A conventional method of providing piles is to drive a one piece hollow steel casing into the ground to a sufficient depth and thereafter to pour concrete into the interior of the casing (with or without reinforcement) to provide a steel cased concrete pile.
Various methods have been employed in driving such piles including top drive with a hammering action either by the user or a larger mass or a relatively small mass vibrating at a high frequency, or bottom drive using similar techniques, or jacking by applying a downward force to the pile top from an hydraulic jack interposed between the pile top and a fixed reactive member, for example an existing building structure.
As a result of the cost of material employed, piles of the type described above are relatively expensive and attempts have been made in the past to utilize hollow concrete piles which are less expensive to manufacture.
One proposal has involved the use of sectional hollow concrete piles which are driven from above utilizing a pile section carrier or mandrel.
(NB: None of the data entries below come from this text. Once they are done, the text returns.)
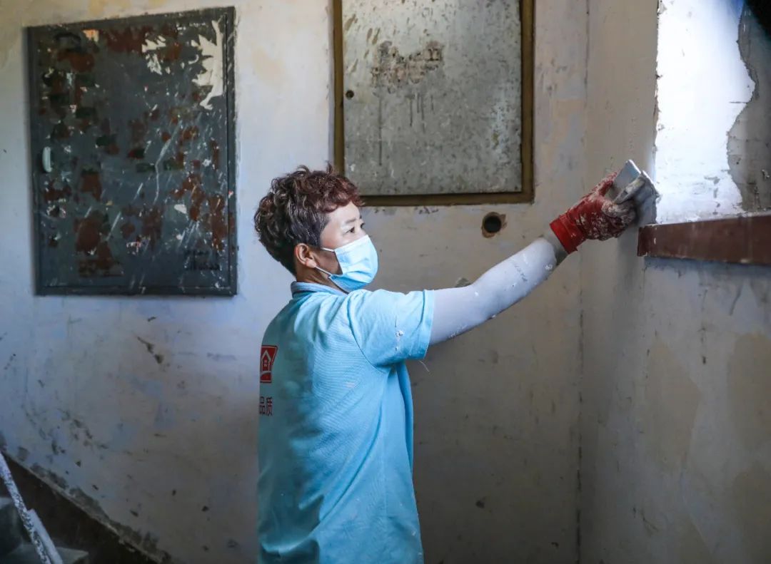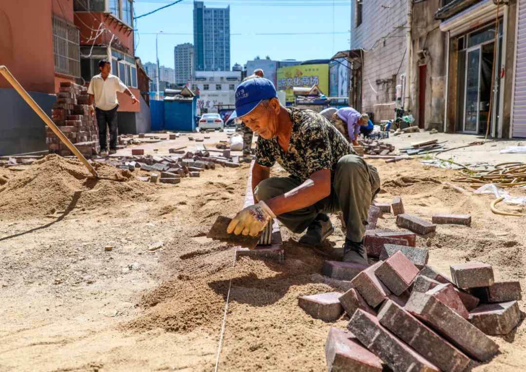 8月31日,在元宝区广济街道县前北小区和宝山大街小区里,老旧小区改造工程正在紧张施工中。在县前北小区,施工人员在对小区地面进行铺设地砖。宝山大街小区里,楼道刮大白、换管道和粉刷外墙体等工作同时进行。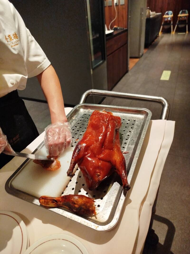 Lo chef si è presentato al nostro tavolo con un carrellino su cui era posizionata l'anatra intera, con tanto di collo e testa, fragrante di forno e pronta per essere affettata.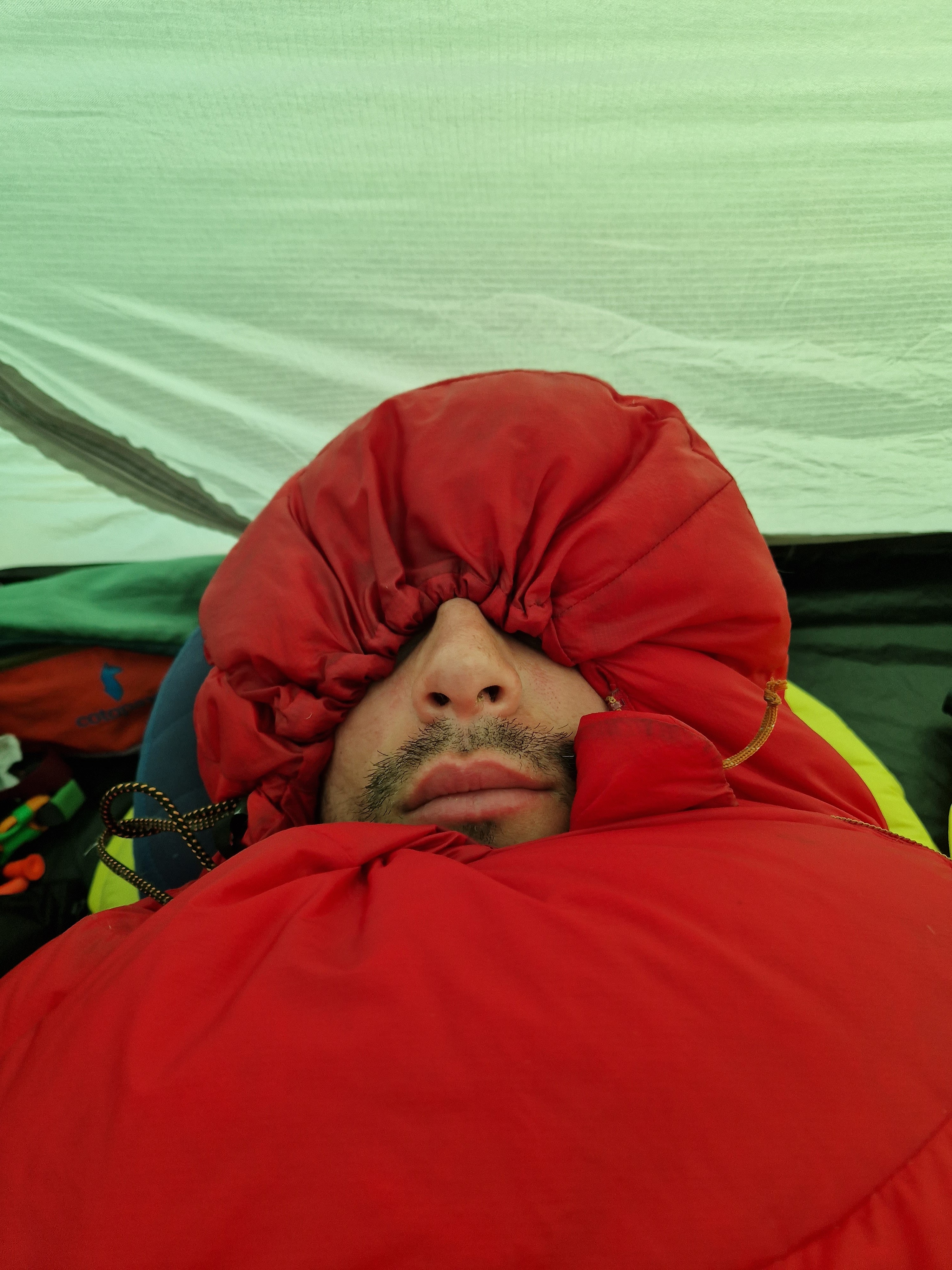 Sitting in the tent, our ears reverberating, it felt like someone had finally turned off the roaring white noise for the first time in 12 hours. We were exhausted, a little shaken, humbled by nature’s power, but finally safe and cosy warm wrapped in our sleeping bags. We fell straight to sleep trying not to think about the fact that the following day would have to be a repetition of the same.

Clearly, concrete piles cannot tolerate the same compressive impact loads as steel piles and so that they can be economically driven on past concrete pile driving operations, have involved threading the pile sections onto a central steel mandrel which carried at its forward end a sacrificial nose, the outside diameter of which is slightly greater than the outside diameter of the cylindrical concrete sections. With this arrangement the driving force from the pile driving hammer is transmitted to the nose by the central steel mandrel and the pile sections are simply carried down with the mandrel. When a sufficient depth of pile has been driven, the mandrel can be removed leaving the concrete sections and sacrificial nose in the ground. If desired, the hollow concrete pile can then be filled with reinforcement and concrete.
The method described above is disadvantageous in that if a pile of relatively long length is required, it is often necessary to interrupt the pile driving sequence and insert a longer mandrel after having threaded it through additional pile sections.
It is an object of the present invention to obviate or mitigate these disadvantages.